Stored items from a collection:
•••••
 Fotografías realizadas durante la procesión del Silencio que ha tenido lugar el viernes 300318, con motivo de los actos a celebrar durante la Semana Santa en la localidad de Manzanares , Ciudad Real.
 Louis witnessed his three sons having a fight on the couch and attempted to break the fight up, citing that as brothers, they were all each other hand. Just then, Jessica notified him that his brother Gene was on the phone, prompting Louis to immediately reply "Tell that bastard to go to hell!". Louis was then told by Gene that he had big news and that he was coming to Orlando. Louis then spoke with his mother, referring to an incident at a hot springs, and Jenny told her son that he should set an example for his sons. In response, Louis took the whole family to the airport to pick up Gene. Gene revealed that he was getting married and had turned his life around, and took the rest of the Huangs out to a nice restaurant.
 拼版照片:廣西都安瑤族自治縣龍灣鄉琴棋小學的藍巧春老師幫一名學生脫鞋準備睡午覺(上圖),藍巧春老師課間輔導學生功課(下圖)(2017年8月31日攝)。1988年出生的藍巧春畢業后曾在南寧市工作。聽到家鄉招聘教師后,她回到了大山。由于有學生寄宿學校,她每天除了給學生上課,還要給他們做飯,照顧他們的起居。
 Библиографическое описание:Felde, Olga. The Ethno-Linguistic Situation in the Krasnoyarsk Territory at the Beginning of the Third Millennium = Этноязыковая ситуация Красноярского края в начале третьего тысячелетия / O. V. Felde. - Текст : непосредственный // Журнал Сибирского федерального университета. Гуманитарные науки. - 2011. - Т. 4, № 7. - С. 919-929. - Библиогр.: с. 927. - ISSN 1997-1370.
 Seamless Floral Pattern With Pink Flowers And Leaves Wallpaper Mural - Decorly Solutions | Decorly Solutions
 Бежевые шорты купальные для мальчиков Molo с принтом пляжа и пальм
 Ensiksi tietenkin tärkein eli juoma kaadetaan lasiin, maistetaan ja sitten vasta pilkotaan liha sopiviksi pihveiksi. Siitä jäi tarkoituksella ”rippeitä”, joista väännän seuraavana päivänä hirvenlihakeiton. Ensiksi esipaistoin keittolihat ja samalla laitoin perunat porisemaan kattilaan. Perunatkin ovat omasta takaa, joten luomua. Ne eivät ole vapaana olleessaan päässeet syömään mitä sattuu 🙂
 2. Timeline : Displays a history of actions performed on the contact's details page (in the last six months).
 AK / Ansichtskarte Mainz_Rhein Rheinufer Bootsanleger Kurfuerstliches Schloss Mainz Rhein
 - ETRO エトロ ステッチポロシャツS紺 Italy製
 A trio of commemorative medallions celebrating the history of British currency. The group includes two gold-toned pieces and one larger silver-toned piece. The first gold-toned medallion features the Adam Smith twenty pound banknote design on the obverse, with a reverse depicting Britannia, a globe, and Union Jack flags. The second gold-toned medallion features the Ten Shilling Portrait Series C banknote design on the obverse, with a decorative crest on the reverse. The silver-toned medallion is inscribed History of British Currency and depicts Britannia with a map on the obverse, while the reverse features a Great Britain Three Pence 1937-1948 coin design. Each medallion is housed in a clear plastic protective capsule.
•••••
- **Task to complete**: Make an exact transcription of all the records.

- **Answer below**:
 Fotografías realizadas durante la procesión del Silencio que ha tenido lugar el viernes 300318, con motivo de los actos a celebrar durante la Semana Santa en la localidad de Manzanares , Ciudad Real.
 Louis witnessed his three sons having a fight on the couch and attempted to break the fight up, citing that as brothers, they were all each other hand. Just then, Jessica notified him that his brother Gene was on the phone, prompting Louis to immediately reply "Tell that bastard to go to hell!". Louis was then told by Gene that he had big news and that he was coming to Orlando. Louis then spoke with his mother, referring to an incident at a hot springs, and Jenny told her son that he should set an example for his sons. In response, Louis took the whole family to the airport to pick up Gene. Gene revealed that he was getting married and had turned his life around, and took the rest of the Huangs out to a nice restaurant.
 拼版照片:廣西都安瑤族自治縣龍灣鄉琴棋小學的藍巧春老師幫一名學生脫鞋準備睡午覺(上圖),藍巧春老師課間輔導學生功課(下圖)(2017年8月31日攝)。1988年出生的藍巧春畢業后曾在南寧市工作。聽到家鄉招聘教師后,她回到了大山。由于有學生寄宿學校,她每天除了給學生上課,還要給他們做飯,照顧他們的起居。
 Библиографическое описание:Felde, Olga. The Ethno-Linguistic Situation in the Krasnoyarsk Territory at the Beginning of the Third Millennium = Этноязыковая ситуация Красноярского края в начале третьего тысячелетия / O. V. Felde. - Текст : непосредственный // Журнал Сибирского федерального университета. Гуманитарные науки. - 2011. - Т. 4, № 7. - С. 919-929. - Библиогр.: с. 927. - ISSN 1997-1370.
 Seamless Floral Pattern With Pink Flowers And Leaves Wallpaper Mural - Decorly Solutions | Decorly Solutions
 Бежевые шорты купальные для мальчиков Molo с принтом пляжа и пальм
 Ensiksi tietenkin tärkein eli juoma kaadetaan lasiin, maistetaan ja sitten vasta pilkotaan liha sopiviksi pihveiksi. Siitä jäi tarkoituksella ”rippeitä”, joista väännän seuraavana päivänä hirvenlihakeiton. Ensiksi esipaistoin keittolihat ja samalla laitoin perunat porisemaan kattilaan. Perunatkin ovat omasta takaa, joten luomua. Ne eivät ole vapaana olleessaan päässeet syömään mitä sattuu 🙂
 2. Timeline : Displays a history of actions performed on the contact's details page (in the last six months).
 AK / Ansichtskarte Mainz_Rhein Rheinufer Bootsanleger Kurfuerstliches Schloss Mainz Rhein
 - ETRO エトロ ステッチポロシャツS紺 Italy製
 A trio of commemorative medallions celebrating the history of British currency. The group includes two gold-toned pieces and one larger silver-toned piece. The first gold-toned medallion features the Adam Smith twenty pound banknote design on the obverse, with a reverse depicting Britannia, a globe, and Union Jack flags. The second gold-toned medallion features the Ten Shilling Portrait Series C banknote design on the obverse, with a decorative crest on the reverse. The silver-toned medallion is inscribed History of British Currency and depicts Britannia with a map on the obverse, while the reverse features a Great Britain Three Pence 1937-1948 coin design. Each medallion is housed in a clear plastic protective capsule.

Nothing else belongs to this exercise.